Quantum simulation of low-temperature metallic liquid hydrogen

TL;DR

This study uses advanced quantum simulations to explore low-temperature metallic liquid hydrogen at high pressures, revealing a stable atomic liquid phase at temperatures as low as 50 K, with quantum proton motion being crucial.

Contribution

First ab initio path-integral molecular dynamics study demonstrating quantum effects enable low-temperature metallic liquid hydrogen at high pressures.

Findings

Atomic solid phase melts below 200 K at 500-800 GPa

Metallic atomic liquid stable at 50 K up to 1200 GPa

Classical simulations overestimate melting temperature by ~300 K

Abstract

Experiments and computer simulations have shown that the melt-ing temperature of solid hydrogen drops with pressure above about 65 GPa, suggesting that a liquid state might exist at low temperatures. It has also been suggested that this low temperature liquid state might be non-molecular and metallic, although evidence for such behaviour is lacking. Here, we report results for hydrogen at high pressures using ab initio path-integral molecular dynamics methods, which include a description of the quantum motion of the protons at finite temperatures.

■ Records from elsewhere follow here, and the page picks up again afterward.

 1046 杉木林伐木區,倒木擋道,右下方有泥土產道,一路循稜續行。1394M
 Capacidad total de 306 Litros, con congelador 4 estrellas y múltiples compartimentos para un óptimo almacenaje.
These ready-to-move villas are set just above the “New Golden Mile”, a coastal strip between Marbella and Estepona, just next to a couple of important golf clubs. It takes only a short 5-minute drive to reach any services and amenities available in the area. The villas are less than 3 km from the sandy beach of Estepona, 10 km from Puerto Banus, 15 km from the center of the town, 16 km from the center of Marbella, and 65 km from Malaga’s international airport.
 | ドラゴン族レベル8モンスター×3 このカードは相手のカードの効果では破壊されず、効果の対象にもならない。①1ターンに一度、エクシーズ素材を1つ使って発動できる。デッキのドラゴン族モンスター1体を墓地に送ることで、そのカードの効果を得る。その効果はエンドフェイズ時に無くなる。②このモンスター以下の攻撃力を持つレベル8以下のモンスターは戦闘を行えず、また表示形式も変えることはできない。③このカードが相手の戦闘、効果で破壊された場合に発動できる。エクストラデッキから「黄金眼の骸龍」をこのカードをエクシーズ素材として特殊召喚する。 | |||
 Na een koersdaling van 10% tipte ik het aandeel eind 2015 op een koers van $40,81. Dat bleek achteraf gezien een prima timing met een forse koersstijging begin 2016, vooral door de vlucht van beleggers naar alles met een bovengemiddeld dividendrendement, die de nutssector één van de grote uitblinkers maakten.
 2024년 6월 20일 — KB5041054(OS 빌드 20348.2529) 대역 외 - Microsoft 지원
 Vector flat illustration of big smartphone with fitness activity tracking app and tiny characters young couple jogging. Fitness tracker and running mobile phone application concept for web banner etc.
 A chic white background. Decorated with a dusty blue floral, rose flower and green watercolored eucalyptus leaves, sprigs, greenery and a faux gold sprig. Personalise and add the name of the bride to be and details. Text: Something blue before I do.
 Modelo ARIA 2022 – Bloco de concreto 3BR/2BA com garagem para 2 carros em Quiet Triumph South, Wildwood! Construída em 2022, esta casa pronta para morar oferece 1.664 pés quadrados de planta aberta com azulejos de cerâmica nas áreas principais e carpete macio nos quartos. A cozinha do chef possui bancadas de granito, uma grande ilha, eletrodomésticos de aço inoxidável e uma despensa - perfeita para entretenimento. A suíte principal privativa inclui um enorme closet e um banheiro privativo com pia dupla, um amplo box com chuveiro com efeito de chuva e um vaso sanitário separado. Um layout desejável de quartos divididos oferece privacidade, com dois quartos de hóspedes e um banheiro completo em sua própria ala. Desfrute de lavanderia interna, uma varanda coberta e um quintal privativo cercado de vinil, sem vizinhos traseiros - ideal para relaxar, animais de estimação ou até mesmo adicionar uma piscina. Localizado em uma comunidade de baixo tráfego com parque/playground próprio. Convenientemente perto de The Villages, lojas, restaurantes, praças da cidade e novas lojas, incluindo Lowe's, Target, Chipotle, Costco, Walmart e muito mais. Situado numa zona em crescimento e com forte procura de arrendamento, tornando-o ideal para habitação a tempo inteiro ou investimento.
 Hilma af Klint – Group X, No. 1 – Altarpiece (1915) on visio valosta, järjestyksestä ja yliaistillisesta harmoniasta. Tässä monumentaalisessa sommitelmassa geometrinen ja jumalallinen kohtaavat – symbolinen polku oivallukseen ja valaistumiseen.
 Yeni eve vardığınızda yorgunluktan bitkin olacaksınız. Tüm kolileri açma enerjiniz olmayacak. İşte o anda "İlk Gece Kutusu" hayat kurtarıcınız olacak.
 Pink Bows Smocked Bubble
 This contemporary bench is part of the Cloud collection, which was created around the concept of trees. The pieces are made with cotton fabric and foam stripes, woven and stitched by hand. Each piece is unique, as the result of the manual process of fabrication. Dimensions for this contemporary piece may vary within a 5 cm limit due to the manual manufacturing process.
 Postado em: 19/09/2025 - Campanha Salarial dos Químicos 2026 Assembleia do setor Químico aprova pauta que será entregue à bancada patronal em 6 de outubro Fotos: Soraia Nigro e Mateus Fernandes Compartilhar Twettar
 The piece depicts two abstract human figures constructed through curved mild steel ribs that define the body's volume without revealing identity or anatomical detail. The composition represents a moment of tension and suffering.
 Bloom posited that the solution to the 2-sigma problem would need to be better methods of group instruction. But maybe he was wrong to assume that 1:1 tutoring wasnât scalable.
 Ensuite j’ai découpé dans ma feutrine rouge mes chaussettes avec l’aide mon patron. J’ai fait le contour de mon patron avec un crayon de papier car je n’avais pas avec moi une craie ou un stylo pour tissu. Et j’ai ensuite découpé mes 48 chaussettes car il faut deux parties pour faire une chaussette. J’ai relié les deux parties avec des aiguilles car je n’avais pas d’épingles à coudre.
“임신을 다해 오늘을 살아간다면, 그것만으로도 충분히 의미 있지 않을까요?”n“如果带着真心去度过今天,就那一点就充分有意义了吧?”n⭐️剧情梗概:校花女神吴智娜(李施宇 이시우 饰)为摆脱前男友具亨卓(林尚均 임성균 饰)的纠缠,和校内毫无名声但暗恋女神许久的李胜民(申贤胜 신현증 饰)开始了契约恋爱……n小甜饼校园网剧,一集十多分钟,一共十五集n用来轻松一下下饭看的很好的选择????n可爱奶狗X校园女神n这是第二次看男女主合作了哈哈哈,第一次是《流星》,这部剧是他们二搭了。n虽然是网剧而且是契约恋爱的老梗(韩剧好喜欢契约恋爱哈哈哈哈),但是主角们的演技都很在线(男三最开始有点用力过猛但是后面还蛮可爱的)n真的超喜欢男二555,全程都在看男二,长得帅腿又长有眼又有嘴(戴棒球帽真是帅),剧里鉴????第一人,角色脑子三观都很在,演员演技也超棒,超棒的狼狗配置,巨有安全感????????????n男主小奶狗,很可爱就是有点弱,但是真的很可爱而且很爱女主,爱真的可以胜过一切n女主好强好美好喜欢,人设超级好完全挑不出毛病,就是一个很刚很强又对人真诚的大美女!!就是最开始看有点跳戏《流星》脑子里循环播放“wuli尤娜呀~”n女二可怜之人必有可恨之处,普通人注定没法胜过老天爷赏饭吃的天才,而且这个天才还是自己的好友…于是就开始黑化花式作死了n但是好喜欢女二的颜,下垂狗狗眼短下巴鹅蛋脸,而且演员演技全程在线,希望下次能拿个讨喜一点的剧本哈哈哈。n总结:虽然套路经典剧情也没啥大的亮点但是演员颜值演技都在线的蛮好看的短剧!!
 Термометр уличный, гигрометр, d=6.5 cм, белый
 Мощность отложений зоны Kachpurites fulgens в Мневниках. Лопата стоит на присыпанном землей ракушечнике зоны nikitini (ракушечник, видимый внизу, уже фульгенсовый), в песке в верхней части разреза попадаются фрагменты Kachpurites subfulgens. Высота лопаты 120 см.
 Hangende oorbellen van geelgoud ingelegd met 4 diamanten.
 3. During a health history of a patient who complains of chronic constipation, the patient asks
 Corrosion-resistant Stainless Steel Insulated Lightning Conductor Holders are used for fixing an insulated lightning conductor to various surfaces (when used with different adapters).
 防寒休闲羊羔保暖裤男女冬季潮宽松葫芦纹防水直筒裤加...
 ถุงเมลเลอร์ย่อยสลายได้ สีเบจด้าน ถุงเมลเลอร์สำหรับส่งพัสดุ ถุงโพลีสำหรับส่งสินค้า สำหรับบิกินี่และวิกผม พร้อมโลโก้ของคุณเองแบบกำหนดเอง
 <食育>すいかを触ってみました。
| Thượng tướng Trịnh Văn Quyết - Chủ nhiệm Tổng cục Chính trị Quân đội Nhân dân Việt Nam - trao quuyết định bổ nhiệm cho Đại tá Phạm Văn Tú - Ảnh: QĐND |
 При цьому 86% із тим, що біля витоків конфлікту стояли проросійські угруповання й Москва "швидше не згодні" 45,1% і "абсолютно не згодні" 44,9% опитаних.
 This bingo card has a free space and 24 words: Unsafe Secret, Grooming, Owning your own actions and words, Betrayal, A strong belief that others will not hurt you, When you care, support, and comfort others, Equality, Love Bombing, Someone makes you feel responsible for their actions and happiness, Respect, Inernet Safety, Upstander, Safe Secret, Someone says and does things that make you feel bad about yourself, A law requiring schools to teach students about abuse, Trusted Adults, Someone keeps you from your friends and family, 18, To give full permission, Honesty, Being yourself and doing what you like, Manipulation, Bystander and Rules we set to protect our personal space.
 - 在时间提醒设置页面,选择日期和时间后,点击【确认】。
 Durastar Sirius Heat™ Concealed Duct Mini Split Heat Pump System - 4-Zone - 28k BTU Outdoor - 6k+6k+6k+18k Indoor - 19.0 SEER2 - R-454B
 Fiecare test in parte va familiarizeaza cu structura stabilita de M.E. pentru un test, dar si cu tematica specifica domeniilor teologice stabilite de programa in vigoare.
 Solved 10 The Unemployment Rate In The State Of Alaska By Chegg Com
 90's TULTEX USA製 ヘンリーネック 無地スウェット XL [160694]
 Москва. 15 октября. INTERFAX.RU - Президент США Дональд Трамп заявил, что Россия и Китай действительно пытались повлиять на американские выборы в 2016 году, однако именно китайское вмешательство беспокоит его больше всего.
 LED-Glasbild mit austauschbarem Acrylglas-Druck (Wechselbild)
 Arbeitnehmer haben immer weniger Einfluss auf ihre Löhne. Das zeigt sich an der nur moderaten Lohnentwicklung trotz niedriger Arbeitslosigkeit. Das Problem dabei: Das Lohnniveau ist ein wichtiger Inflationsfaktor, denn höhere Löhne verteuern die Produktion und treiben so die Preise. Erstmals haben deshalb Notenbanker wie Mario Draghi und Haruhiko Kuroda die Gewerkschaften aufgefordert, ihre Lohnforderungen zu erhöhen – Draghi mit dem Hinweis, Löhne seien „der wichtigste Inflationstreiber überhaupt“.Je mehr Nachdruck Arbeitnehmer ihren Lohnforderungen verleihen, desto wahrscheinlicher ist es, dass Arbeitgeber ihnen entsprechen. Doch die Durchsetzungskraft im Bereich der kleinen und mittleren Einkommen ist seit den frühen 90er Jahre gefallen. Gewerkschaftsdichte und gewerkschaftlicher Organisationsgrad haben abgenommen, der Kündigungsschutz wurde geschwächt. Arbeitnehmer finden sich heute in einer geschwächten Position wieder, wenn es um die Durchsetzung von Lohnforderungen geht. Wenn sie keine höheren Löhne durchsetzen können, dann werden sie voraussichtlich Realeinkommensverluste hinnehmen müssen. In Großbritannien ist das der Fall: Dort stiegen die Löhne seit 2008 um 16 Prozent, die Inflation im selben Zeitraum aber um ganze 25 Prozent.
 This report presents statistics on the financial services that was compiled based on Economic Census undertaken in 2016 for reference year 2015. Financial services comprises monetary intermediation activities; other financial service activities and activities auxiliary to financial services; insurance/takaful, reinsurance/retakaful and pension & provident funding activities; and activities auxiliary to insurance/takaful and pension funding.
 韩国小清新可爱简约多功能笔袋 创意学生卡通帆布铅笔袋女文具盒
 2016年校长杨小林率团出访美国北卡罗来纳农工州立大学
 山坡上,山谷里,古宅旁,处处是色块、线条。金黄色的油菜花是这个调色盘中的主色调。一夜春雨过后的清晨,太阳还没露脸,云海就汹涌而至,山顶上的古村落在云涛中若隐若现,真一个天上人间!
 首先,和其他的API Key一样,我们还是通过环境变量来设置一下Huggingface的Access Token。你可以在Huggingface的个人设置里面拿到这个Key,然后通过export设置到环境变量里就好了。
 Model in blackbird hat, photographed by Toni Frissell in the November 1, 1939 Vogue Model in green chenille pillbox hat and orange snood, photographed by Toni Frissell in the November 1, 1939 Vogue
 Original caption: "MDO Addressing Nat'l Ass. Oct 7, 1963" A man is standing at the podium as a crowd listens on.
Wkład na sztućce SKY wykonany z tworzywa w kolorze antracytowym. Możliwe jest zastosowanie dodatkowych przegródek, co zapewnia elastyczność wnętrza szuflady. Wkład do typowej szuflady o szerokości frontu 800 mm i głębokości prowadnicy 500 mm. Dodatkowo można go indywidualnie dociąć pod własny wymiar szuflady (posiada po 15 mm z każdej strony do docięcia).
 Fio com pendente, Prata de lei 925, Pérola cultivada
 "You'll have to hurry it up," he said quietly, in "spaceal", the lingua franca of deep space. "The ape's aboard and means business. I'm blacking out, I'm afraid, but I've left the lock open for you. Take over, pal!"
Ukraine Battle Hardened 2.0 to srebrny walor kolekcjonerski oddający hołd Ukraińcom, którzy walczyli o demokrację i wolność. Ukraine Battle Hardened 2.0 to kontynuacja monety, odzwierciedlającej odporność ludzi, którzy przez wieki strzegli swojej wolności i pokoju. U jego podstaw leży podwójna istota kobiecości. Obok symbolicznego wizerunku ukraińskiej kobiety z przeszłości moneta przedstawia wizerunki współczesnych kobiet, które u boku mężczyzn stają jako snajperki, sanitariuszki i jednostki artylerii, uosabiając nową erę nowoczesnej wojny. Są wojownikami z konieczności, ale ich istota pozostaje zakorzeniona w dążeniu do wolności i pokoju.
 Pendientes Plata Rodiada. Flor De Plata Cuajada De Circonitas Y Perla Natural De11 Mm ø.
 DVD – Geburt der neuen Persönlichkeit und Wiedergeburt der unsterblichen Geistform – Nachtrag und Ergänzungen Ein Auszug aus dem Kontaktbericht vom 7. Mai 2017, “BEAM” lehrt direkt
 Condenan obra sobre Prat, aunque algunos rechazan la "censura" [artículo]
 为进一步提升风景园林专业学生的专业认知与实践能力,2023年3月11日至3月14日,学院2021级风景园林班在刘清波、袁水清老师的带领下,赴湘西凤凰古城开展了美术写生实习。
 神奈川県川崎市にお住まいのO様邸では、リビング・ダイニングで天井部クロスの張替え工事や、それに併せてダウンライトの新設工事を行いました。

We have determined the melting temperature as a function of pressure by direct simulation of the coexistence of the solid and liquid phases and have found an atomic solid phase from 500 to 800 GPa which melts at <200 K. Beyond this and up to pressures of 1200 GPa a metallic atomic liquid is stable at temperatures as low as 50 K. The quantum motion of the protons is critical to the low melting temperature in this system as ab initio simulations with classical nuclei lead to a considerably higher melting temperature of \sim300 K across the entire pressure range considered.